Given data.

= = = = =

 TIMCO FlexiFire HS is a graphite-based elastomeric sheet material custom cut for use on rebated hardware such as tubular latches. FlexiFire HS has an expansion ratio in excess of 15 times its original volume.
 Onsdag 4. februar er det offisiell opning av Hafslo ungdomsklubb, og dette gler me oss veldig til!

= = = = =

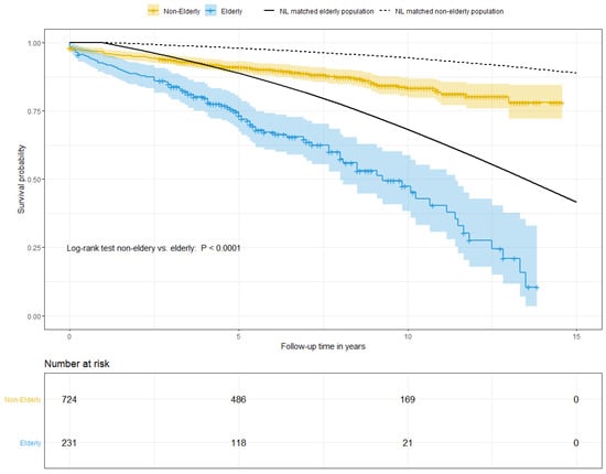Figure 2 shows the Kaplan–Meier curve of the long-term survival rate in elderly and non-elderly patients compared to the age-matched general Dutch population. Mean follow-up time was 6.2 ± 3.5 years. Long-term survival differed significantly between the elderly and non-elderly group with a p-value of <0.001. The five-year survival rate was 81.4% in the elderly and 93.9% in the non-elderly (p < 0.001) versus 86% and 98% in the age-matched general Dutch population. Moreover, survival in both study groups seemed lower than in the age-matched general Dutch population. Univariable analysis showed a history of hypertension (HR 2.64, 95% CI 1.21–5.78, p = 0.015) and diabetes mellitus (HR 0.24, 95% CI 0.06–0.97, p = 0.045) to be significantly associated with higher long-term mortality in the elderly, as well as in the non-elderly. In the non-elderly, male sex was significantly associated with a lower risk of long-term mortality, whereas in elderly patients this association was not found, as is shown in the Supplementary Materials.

= = = = =

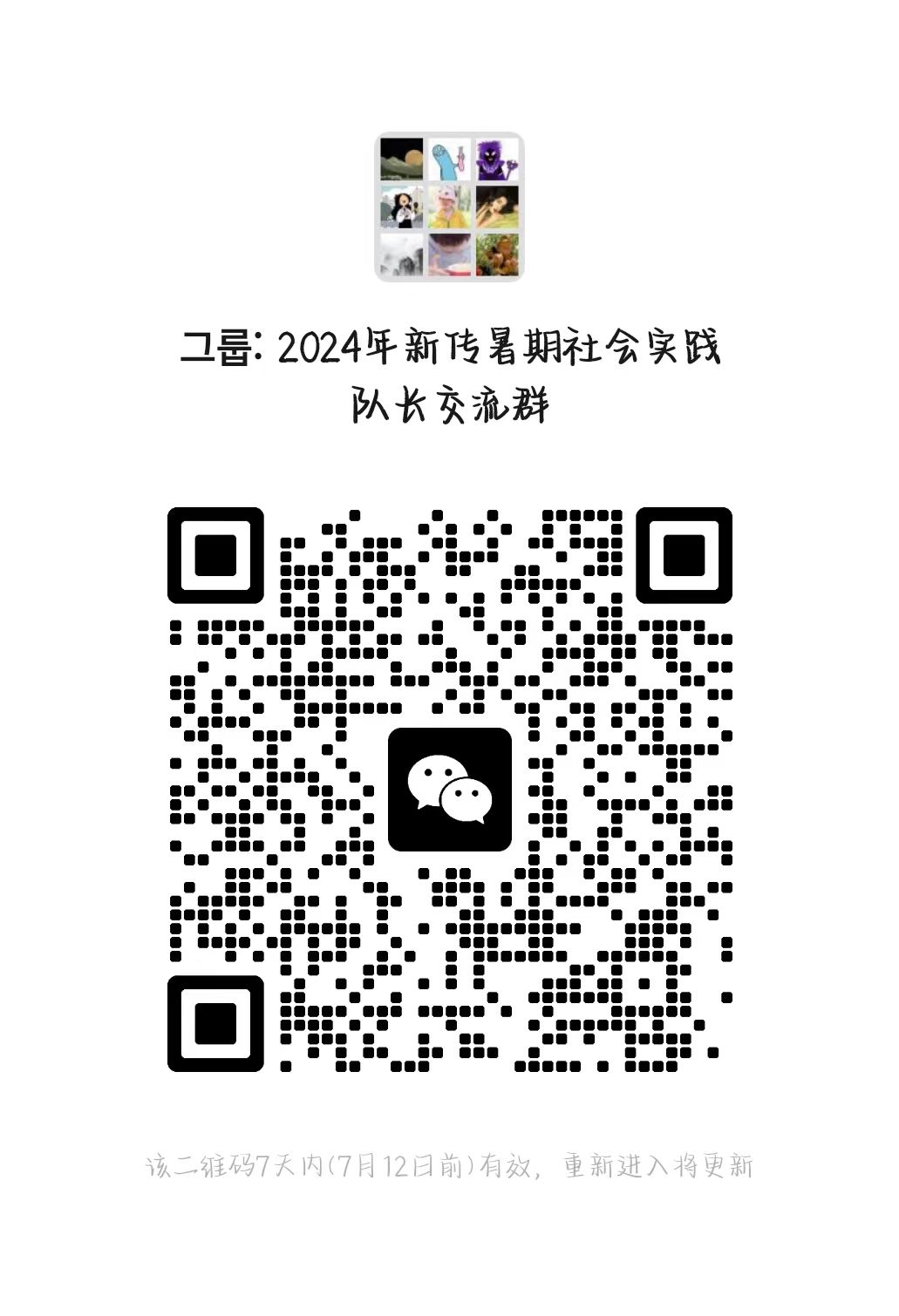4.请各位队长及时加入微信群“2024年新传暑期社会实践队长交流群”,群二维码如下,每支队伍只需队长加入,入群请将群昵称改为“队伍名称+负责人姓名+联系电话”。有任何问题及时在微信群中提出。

= = = = =

What is being asked. Go through the listing above and write out exactly the lines starting with the one holding "TIMCO FlexiFire HS" and running through the one holding "Onsdag 4. februar", ends included, and no others.

Task result.
 TIMCO FlexiFire HS is a graphite-based elastomeric sheet material custom cut for use on rebated hardware such as tubular latches. FlexiFire HS has an expansion ratio in excess of 15 times its original volume.
 Onsdag 4. februar er det offisiell opning av Hafslo ungdomsklubb, og dette gler me oss veldig til!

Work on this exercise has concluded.